Researchers at Delft University have successfully created an atomic-scale rewritable storage drive with a storage density that's 500 times larger than today's best drives.

Sander Otte and his colleagues discovered that if you place chlorine atoms on a copper surface, they align themselves in a perfect grid. If an atom is missing from the grid, it results in a hole. By using the needle of a scanning tunneling microscope, the researchers were able to manipulate the atoms around the hole to create a type of on / off configuration that can be used to store data.

Otte told Gizmodo that the combination of chlorine atoms and supporting copper crystal surface they found combined with the fact that they can manipulate holes --- just as in a sliding puzzle --- makes for a much more reliable, reproducible and scalable manipulation technique that can easily be automated. The researcher described it as inventing the atomic scale printing press.

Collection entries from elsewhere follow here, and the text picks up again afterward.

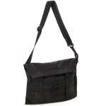 マチ幅を左右で変化させたアシンメトリー構造のUSAメイド。収納力を確保しつつ、肩掛け時のフィット感を向上させた。素材は500デニールのコーデュラナイロン。正面にウェビングが施され、スライドクリップで同社別売りの小物を装着可能だ。W36×H34×D8cm
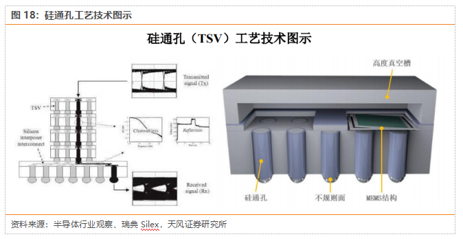 硅通孔技术是公司熟练掌握的MEMS制造技术之一。由于MEMS应用场景及产品种类的多样性,对MEMS制造工艺的需求也体现出高度的定制化与复杂性。在MEMS制造工艺中,公司熟练掌握硅通孔(TSV)和玻璃通孔(TGV)工艺技术。其中,硅通孔技术是一项高密度封装技术,正在逐渐取代目前工艺比较成熟的引线键合技术,被认为是第四代封装技术。硅通孔技术可以通过垂直互连减小互联长度、减小信号延迟、降低电容/电感,实现芯片间的低功耗、高速通讯、增加宽带和实现器件集成的小型化。
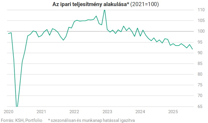 Az év első nyolc hónapjában 3,9 százalékkal kisebb volt az ipari termelés, mint 2024 azonos időszakában.
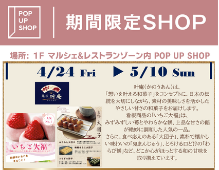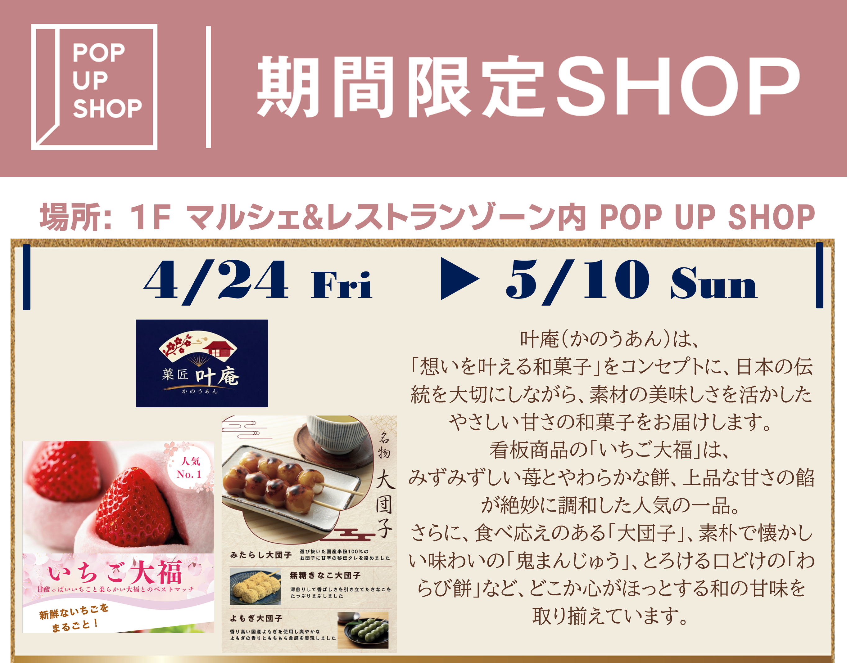 - Kanoa Sweets will be opening a pop-up shop for a limited time! [April 8th (Wed) - April 23rd (Thu)]
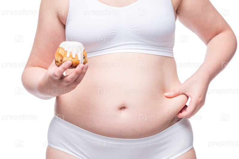 Жирная женщина с калорийным кексом в руке сжимает живот крупным планом
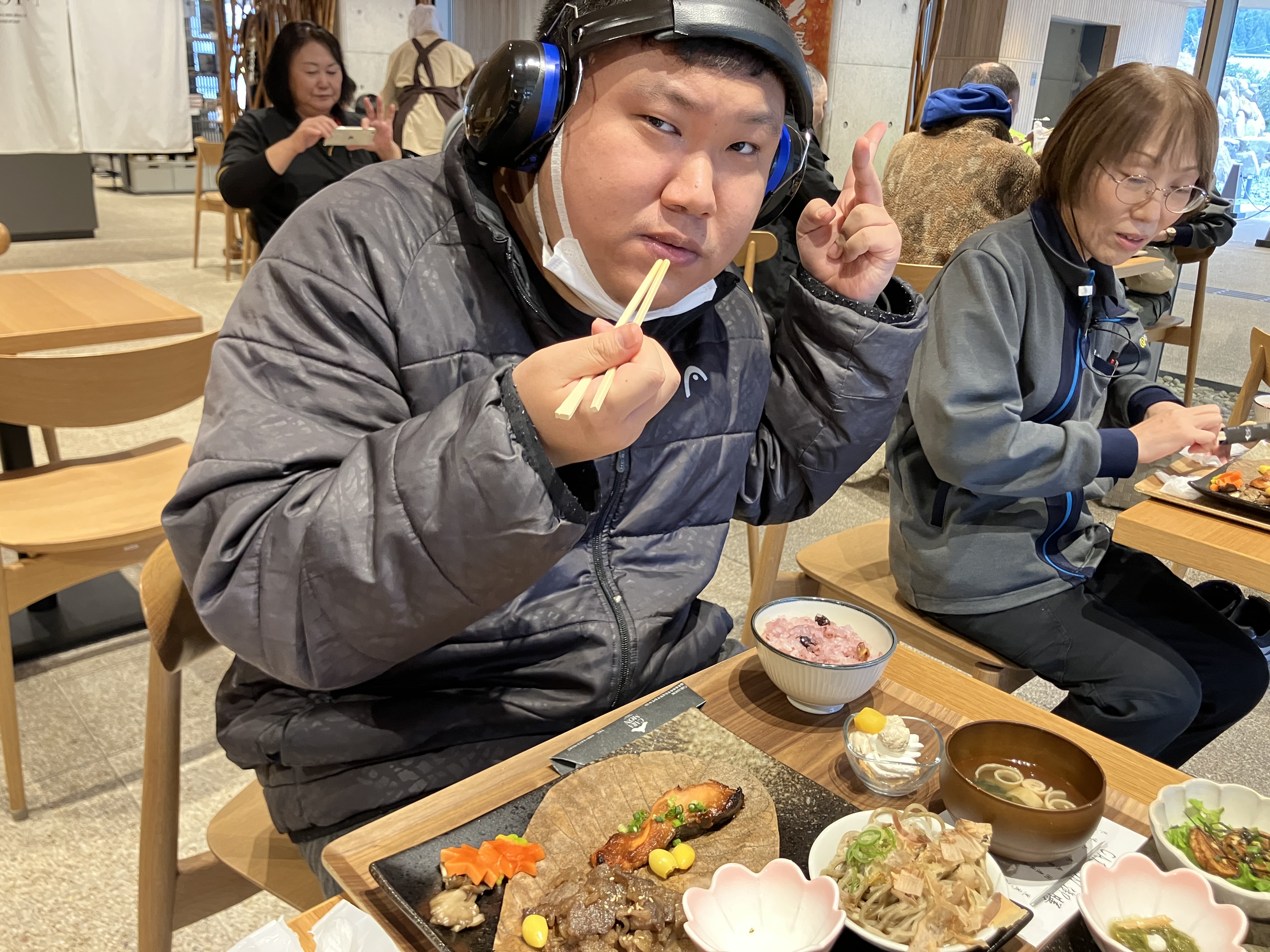 スマイル 2025.12.08 11月のスマイル社会体験活動『福井の郷土料理を食べよう』 こんにちは! スマイルです。 朝倉氏遺跡博物館内にある足羽ワークセンターのお店 CARAMON asakura へ【CARAMON御前】を食べに行ってきました。 福井の古米、魚やお肉、おろしそばと福井の幸を堪能しました。 皆さん完食でした。 以上、スマイルでした!
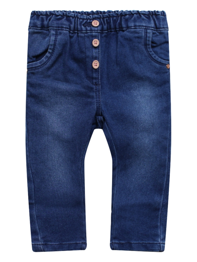 Jeans van Bakkaboe. De jeans hebben veel stretch en elastieken taille met sier knopen. Materiaal: 70% katoen, 28% polyester, 2% elasthan. Wassen op 30 graden, niet bleken, niet in de droger, kan gestreken worden.
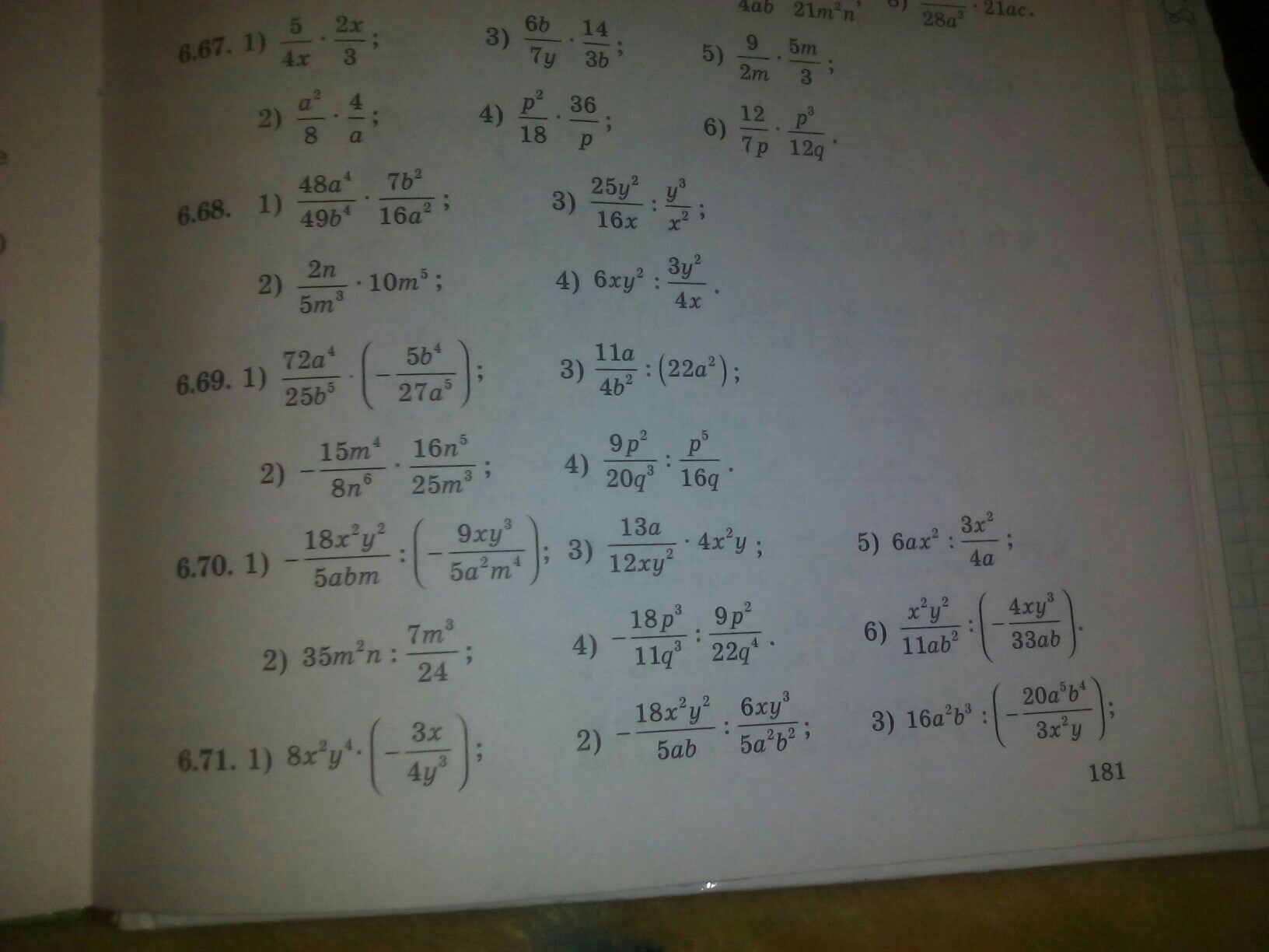 6.68. 1) 48a^4/49b^4×7b^2/16a^2=3a^2/7b^2
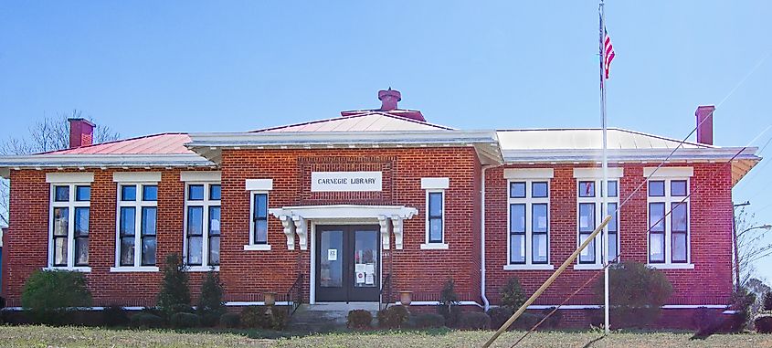 Located in downtown Houston, Mississippi, the Houston Carnegie Library opened in 1909 as the first Carnegie library in the state and the second public library in Mississippi. Funded by a $6,000 grant from philanthropist Andrew Carnegie, the building was constructed after local school superintendent L. B. Reid petitioned Carnegie for support, with the town agreeing to maintain the facility. The Houston Carnegie Library was added to the National Register of Historic Places in 1978 in recognition of its historical and architectural significance.
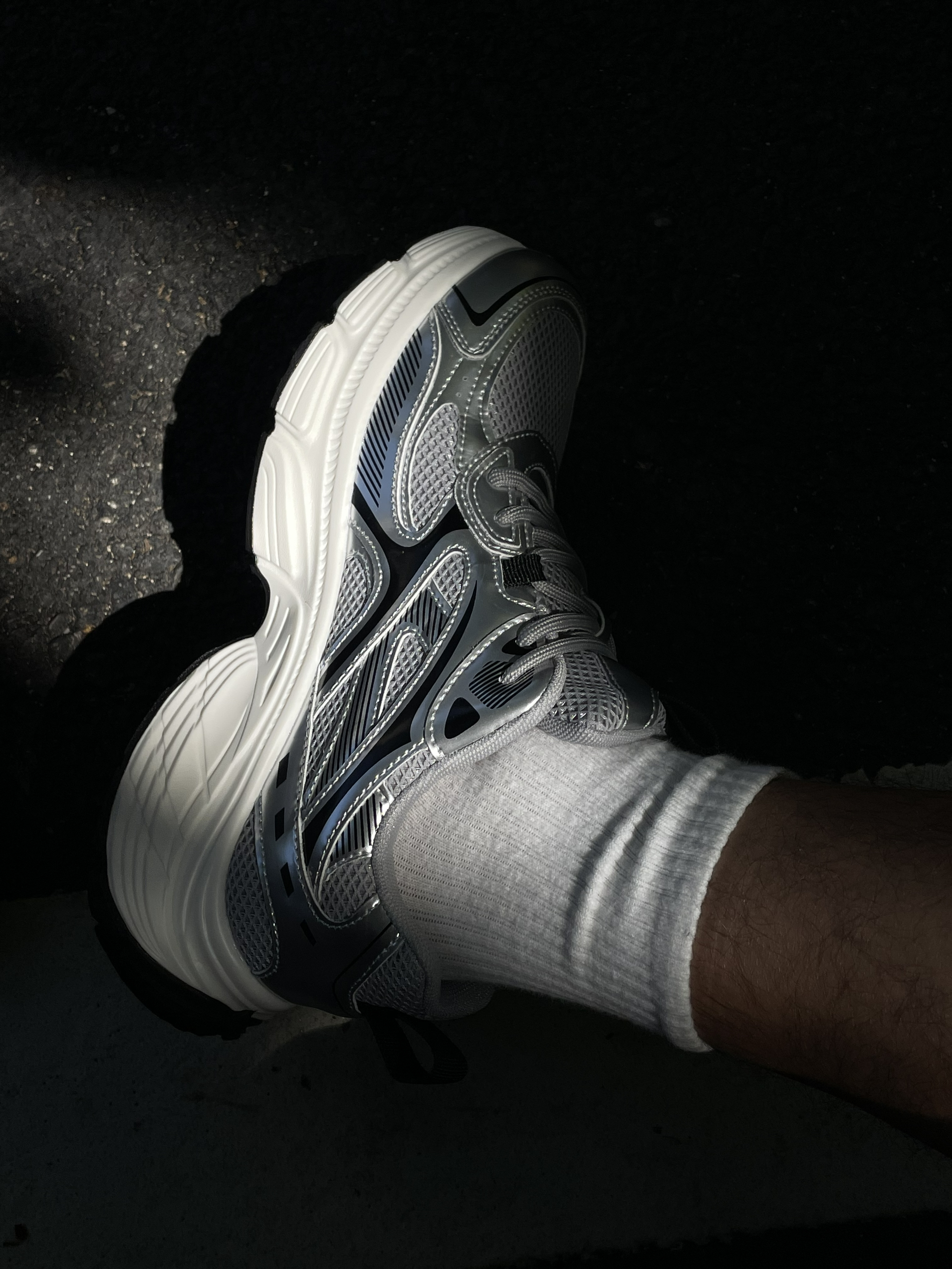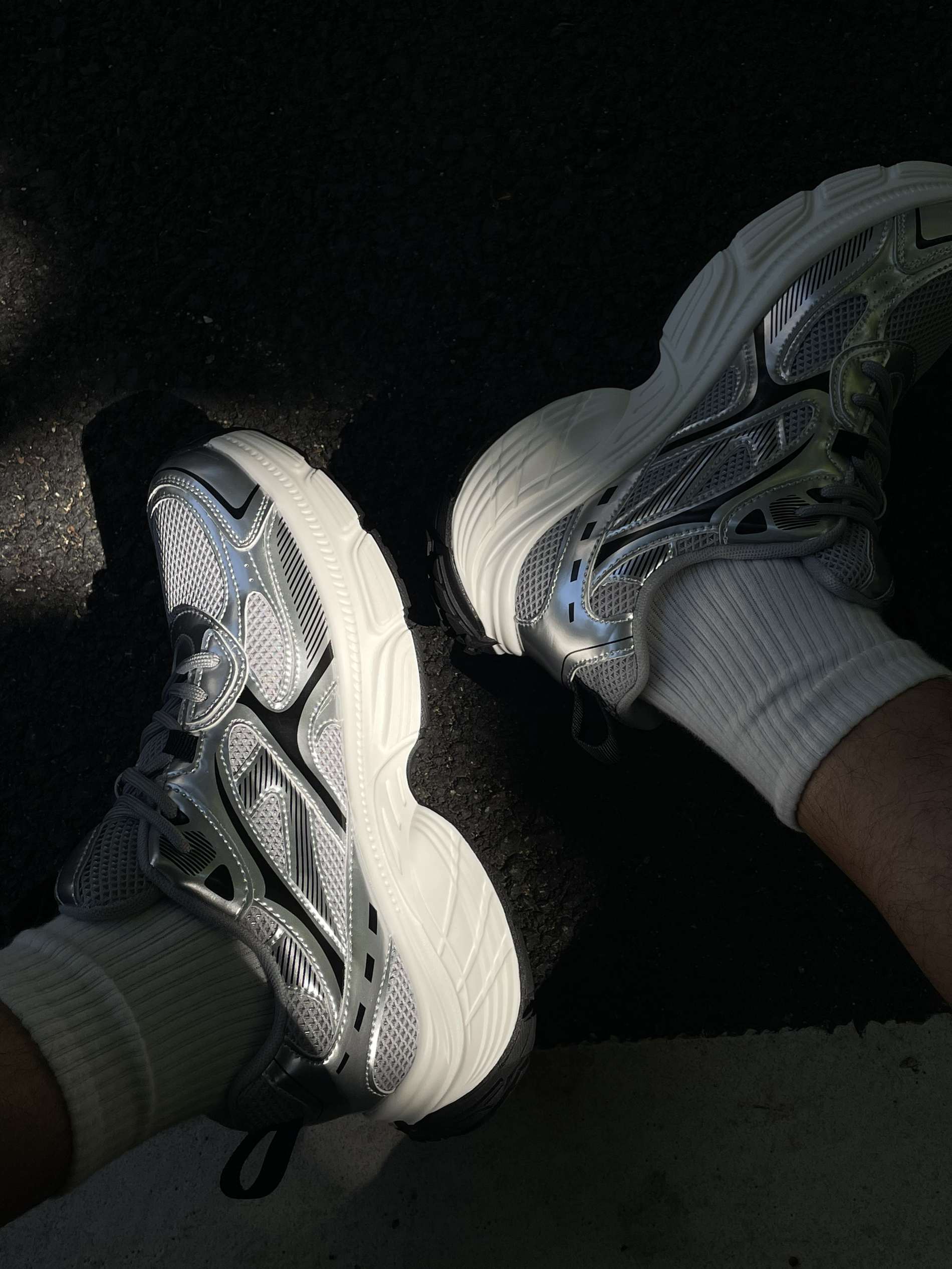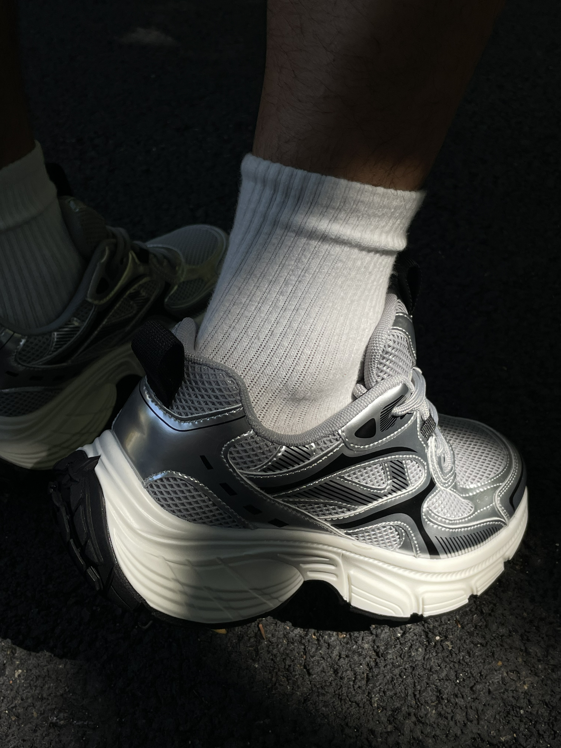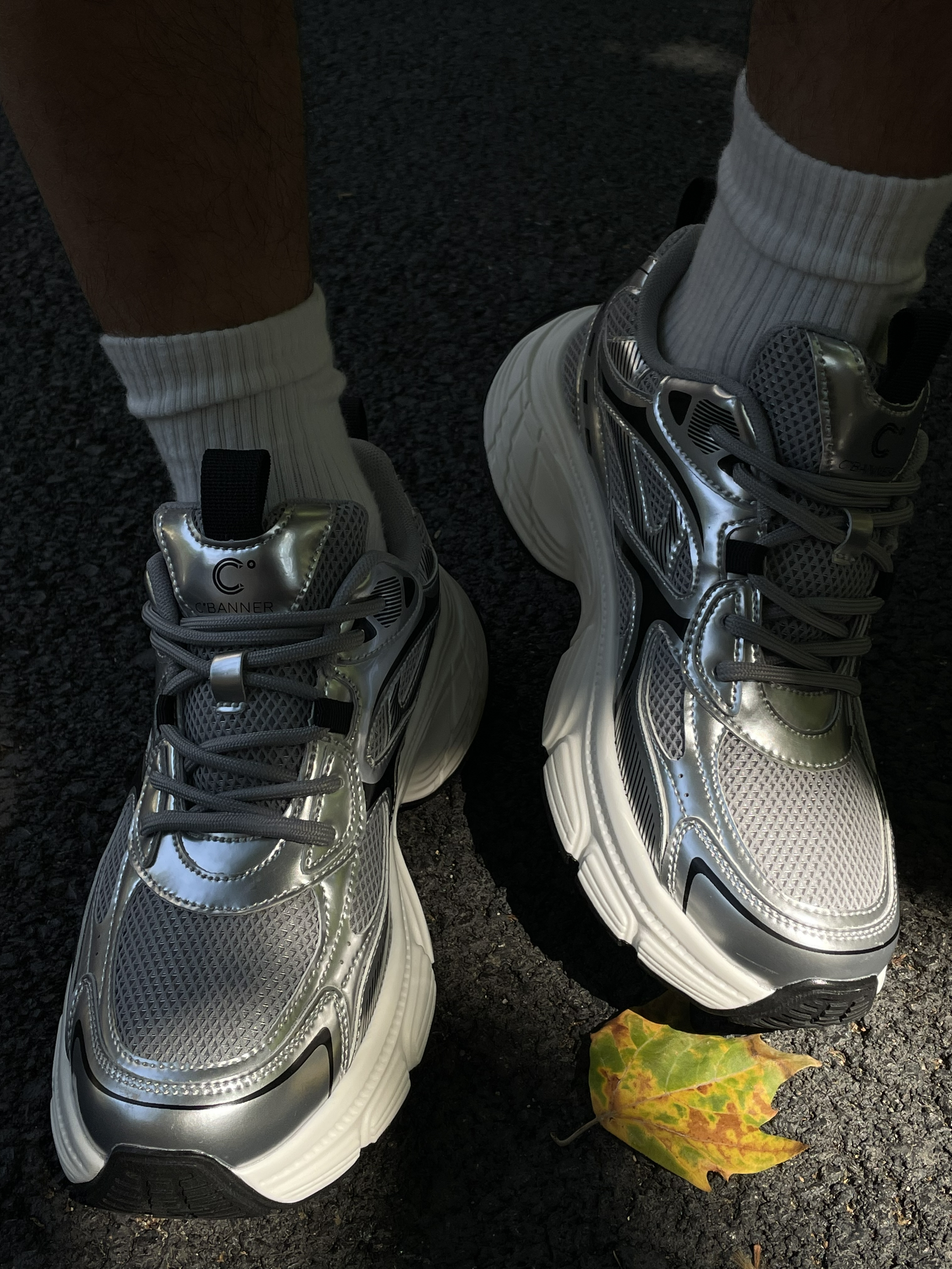 男女同款,很有质感。小小增高效果有的说,脚感舒适织物面料柔软舒适透气不闷脚。银白配色时尚感挺强的。出门随性搭配(◍•ᴗ•◍)!

The team constructed a full kilobyte using 8,000 atomic bits which is by far the largest atomic structure ever built by humans.

As impressive as it is, the technology is still a long way from being feasible for everyday use. That's because, in its current state, it can only function in a clean vacuum at liquid nitrogen temperatures of -346°F (-321°C). What's more, while its storage capacity is massive, the technique still lags far behind read and write speeds of today's storage products.

Otte remains optimistic, however, as he sees no physical boundaries that will prevent them from speeding up the process to similar speeds that are seen in current storage drives. It'll be a technological challenge for sure, he concludes, but in terms of physics, it should work.